_Exercise goal:_
Transcribe all the lines below exactly. Omit the pictures.

-- Input data follows --

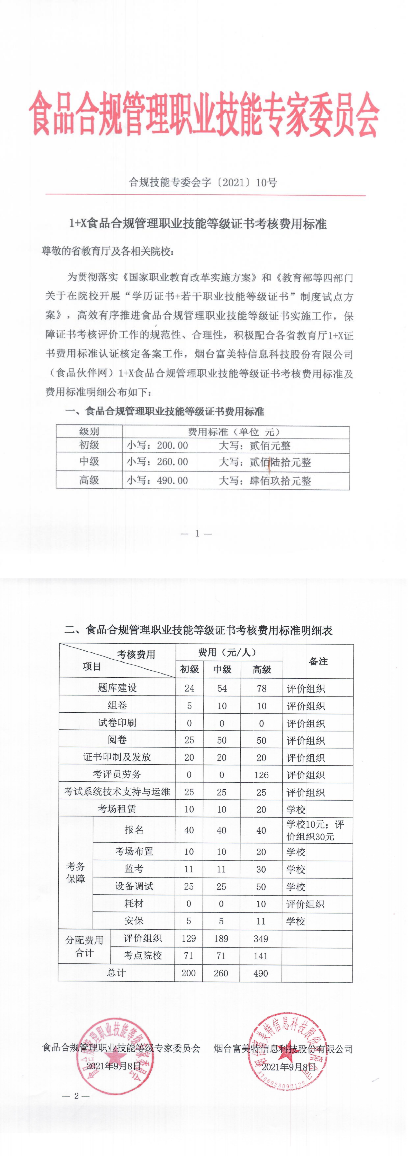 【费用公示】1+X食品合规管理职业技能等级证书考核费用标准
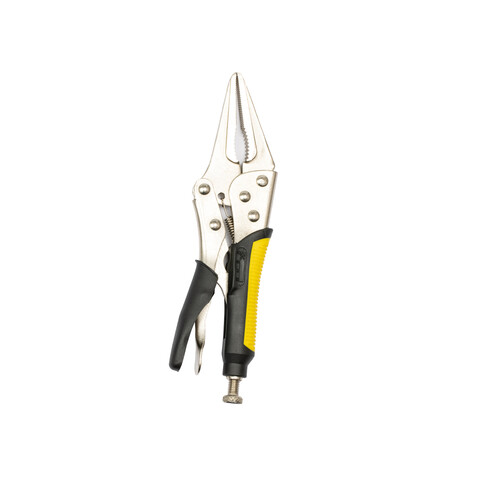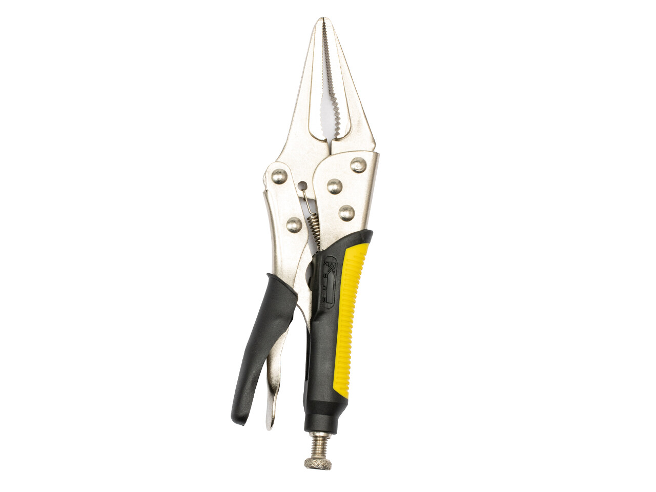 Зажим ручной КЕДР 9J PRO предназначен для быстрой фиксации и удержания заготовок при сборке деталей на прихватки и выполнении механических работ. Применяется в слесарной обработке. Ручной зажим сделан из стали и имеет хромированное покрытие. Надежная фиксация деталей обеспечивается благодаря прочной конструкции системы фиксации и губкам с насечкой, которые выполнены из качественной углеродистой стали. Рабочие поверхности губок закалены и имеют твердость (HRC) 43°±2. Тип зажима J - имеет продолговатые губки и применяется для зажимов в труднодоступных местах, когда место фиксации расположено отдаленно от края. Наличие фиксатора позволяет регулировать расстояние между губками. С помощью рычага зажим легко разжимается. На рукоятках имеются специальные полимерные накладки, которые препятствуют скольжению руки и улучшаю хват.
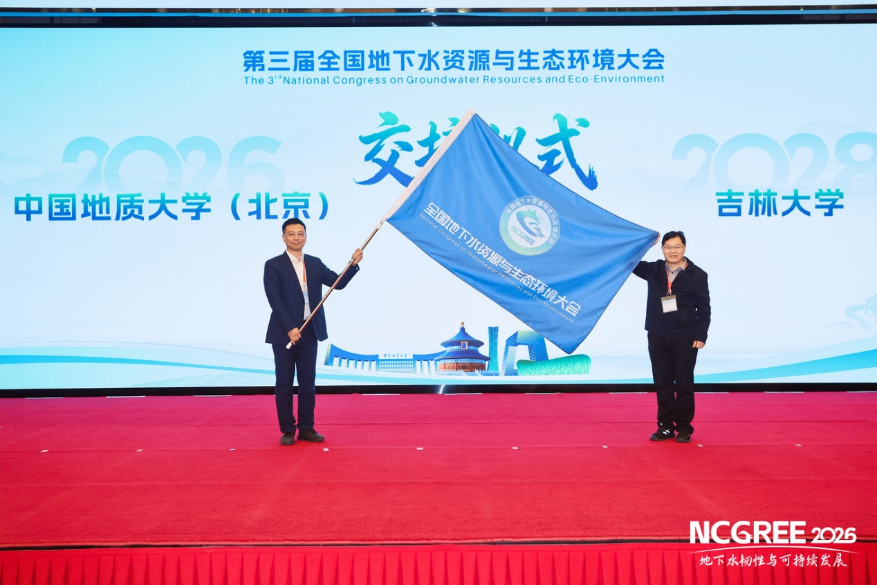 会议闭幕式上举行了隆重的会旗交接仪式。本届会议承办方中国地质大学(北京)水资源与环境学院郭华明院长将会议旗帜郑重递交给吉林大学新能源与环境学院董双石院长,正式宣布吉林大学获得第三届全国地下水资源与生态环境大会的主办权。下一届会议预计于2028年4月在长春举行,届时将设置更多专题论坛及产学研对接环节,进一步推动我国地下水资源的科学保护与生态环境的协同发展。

-- Input data concluded --

_Response to the exercise:_
 【费用公示】1+X食品合规管理职业技能等级证书考核费用标准
 Зажим ручной КЕДР 9J PRO предназначен для быстрой фиксации и удержания заготовок при сборке деталей на прихватки и выполнении механических работ. Применяется в слесарной обработке. Ручной зажим сделан из стали и имеет хромированное покрытие. Надежная фиксация деталей обеспечивается благодаря прочной конструкции системы фиксации и губкам с насечкой, которые выполнены из качественной углеродистой стали. Рабочие поверхности губок закалены и имеют твердость (HRC) 43°±2. Тип зажима J - имеет продолговатые губки и применяется для зажимов в труднодоступных местах, когда место фиксации расположено отдаленно от края. Наличие фиксатора позволяет регулировать расстояние между губками. С помощью рычага зажим легко разжимается. На рукоятках имеются специальные полимерные накладки, которые препятствуют скольжению руки и улучшаю хват.
 会议闭幕式上举行了隆重的会旗交接仪式。本届会议承办方中国地质大学(北京)水资源与环境学院郭华明院长将会议旗帜郑重递交给吉林大学新能源与环境学院董双石院长,正式宣布吉林大学获得第三届全国地下水资源与生态环境大会的主办权。下一届会议预计于2028年4月在长春举行,届时将设置更多专题论坛及产学研对接环节,进一步推动我国地下水资源的科学保护与生态环境的协同发展。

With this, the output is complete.